AW was already drinking and found out had plans to get more. I didn't exactly stop her but registered my displeasure to step d when I found out she was going to purchase more for her. She gave the money to me my wife had given her and left leaving my wife with w options... walking or not drinking anymore. She chose a 3rd option which was to get meaner than a snake and make the most of the alcohol she already had in her. Not sure if I handled things right.
You handled it the best you could with what you had at the time. As you move forward your AW will learn you will not engage in her behavior anymore and will have to resort to desperation which will make her think about what she's doing and maybe just maybe seek help. Let go Let God....
Your in my thoughts and prayers.
((( hugs )))
__________________
Lord, put your arm around my shoulder and your hand over my mouth
Speak only when you feel that your words are better than your silence.
This for me was "detachment" practice time. It is what it is, she is what she is, I gonna be who I am...So bad she's sooo sick. (((((AW))))) (((((DP)))))

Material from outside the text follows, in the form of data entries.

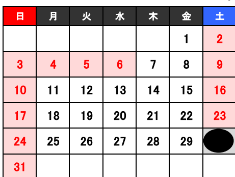
2026 5 May
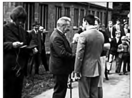
Einfangen des O-Tons, 1971 (Standbild)

das Bewahren von traditionsreichem Brauchtum entdeckt wie Veränderungen registriert werden. Vom lokalen „Schnadgang“ bis zum jährlichen Schützenfest, von Prozessionen bis zur Ausgestaltung vom Vereinsleben. Die regelmäßigen Ausflüge in das nähere und fernere Umland, sei es von der Kameradschaft ehemaliger Soldaten, sei es vom Heimatverein, vom Sportverein oder von den Ministranten lassen dabei den Blick nicht nur auf Mellrich verharren. So kamen z. B. auch Aufnahmen aus dem LWL-Freilichtmuseum in Detmold vor genau 30 Jahren zustande, wo der Heimatverein einen wiederaufgebauten Kirchhofspeicher aus Mellrich besichtigte.
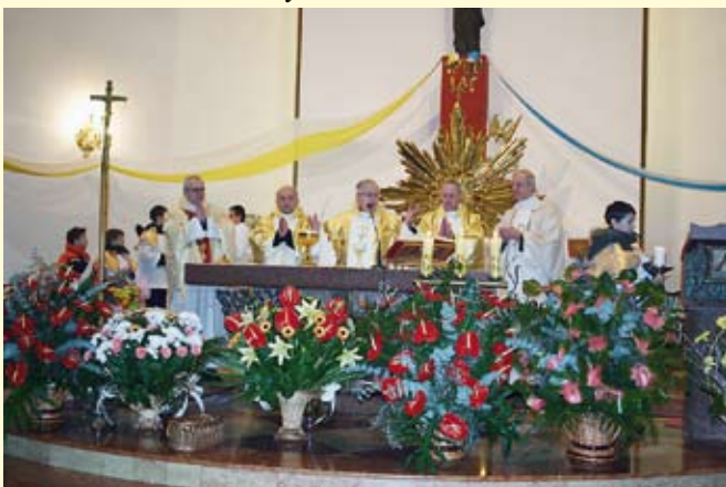
Księża celebrujący mszę świętą

DP - She treats you like garbage and you are tearing yourself up over whether YOU acted right? Go easy on yourself while addressing what your boundaries are and what you can or can't put up with...then stick to those boundaries. You have every right to say "I cannot put up with your drinking" but then you have to follow that up with consistent consequences. You do get to choose how you are treated and what kinds of people and behaviors you want to be around.
Nobody gets a free pass to treat me "meaner than a snake." Period. That is intolerable behavior for me so I would end a relationship over it or walk out. That's just me though. I left myself without options and thought I deserved that kind of treatment for too long. Life is short...too short to be letting myself be anyone's verbal, emotional, or physical punching bag.